Data section -
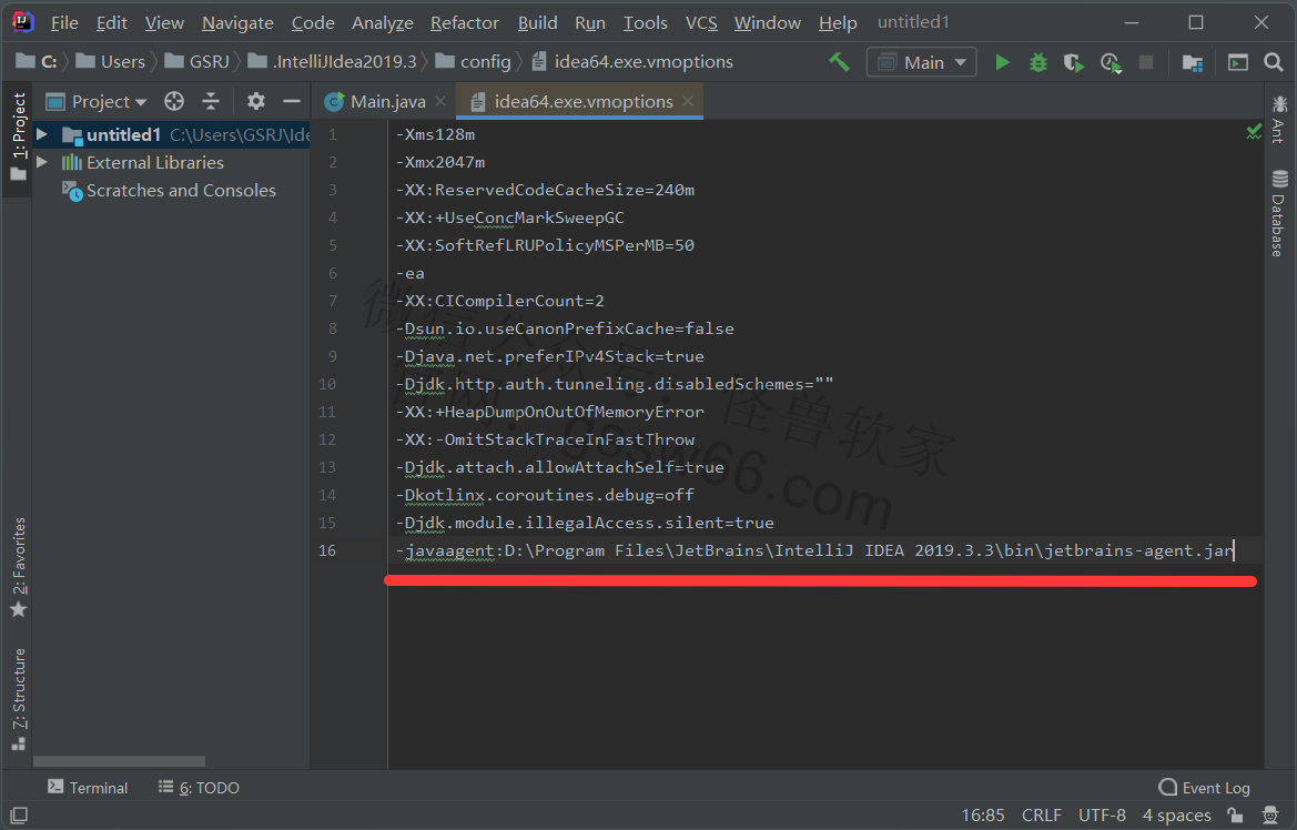 30,在文档的尾部加上“-javaagent:IntelliJ IDEA安装路径\jetbrains-agent.jar”(如:-javaagent:D:\Program Files\JetBrains\IntelliJ IDEA 2019.3.3\bin\jetbrains-agent.jar)
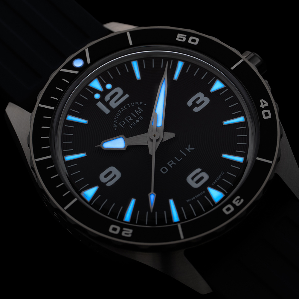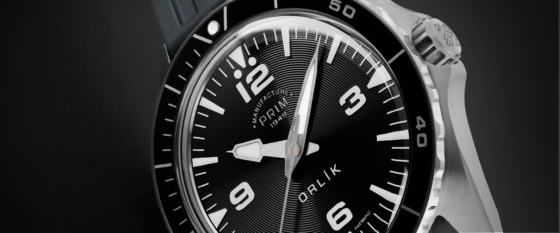Odolný model nové generace PRIM ORLÍK III je pokračováním legendy, jejíž počátek píšeme v šedesátých letech minulého století. Konstrukční evolucí prošlo zejména pouzdro, které při velikosti 42 mm dbá na komfortní nošení a estetický dojem. Nižší profil, ergonomie, kratší nožky. To vše je při srovnání s modely předchozích generací jasně patrné.
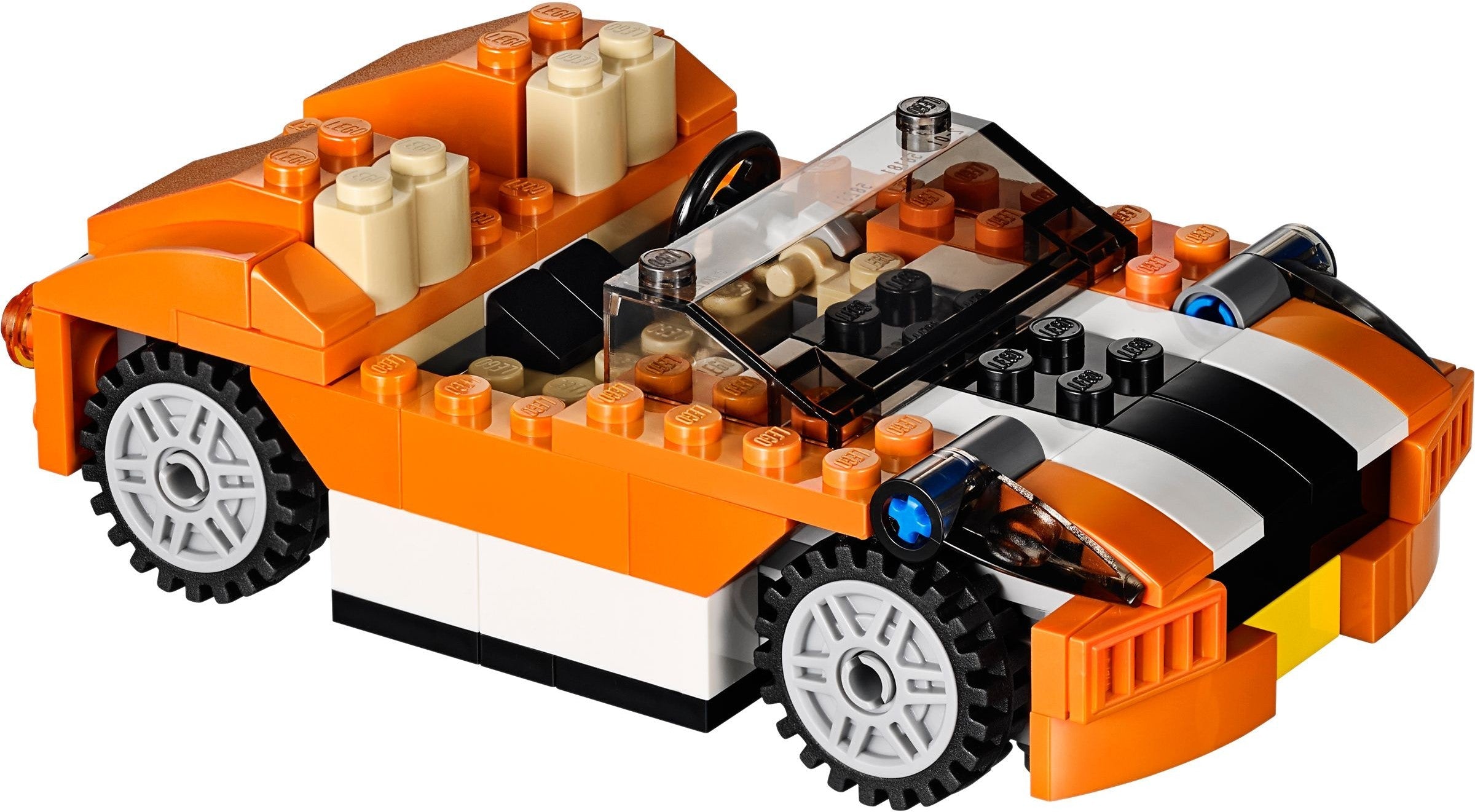 The sleek Sunset Speeder sports car is perfect for cruising the streets. Featuring an orange body with super-distinctive black and white stripes, racing wheels, and cool headlights, this is one car that you’ll want in your LEGO® collection. For added variety, rebuild it into a truck cab or an even faster racing car.

Task brief - Please transcribe the listing above verbatim and exclude every picture.

Exercise response -
 30,在文档的尾部加上“-javaagent:IntelliJ IDEA安装路径\jetbrains-agent.jar”(如:-javaagent:D:\Program Files\JetBrains\IntelliJ IDEA 2019.3.3\bin\jetbrains-agent.jar)
Odolný model nové generace PRIM ORLÍK III je pokračováním legendy, jejíž počátek píšeme v šedesátých letech minulého století. Konstrukční evolucí prošlo zejména pouzdro, které při velikosti 42 mm dbá na komfortní nošení a estetický dojem. Nižší profil, ergonomie, kratší nožky. To vše je při srovnání s modely předchozích generací jasně patrné.
 The sleek Sunset Speeder sports car is perfect for cruising the streets. Featuring an orange body with super-distinctive black and white stripes, racing wheels, and cool headlights, this is one car that you’ll want in your LEGO® collection. For added variety, rebuild it into a truck cab or an even faster racing car.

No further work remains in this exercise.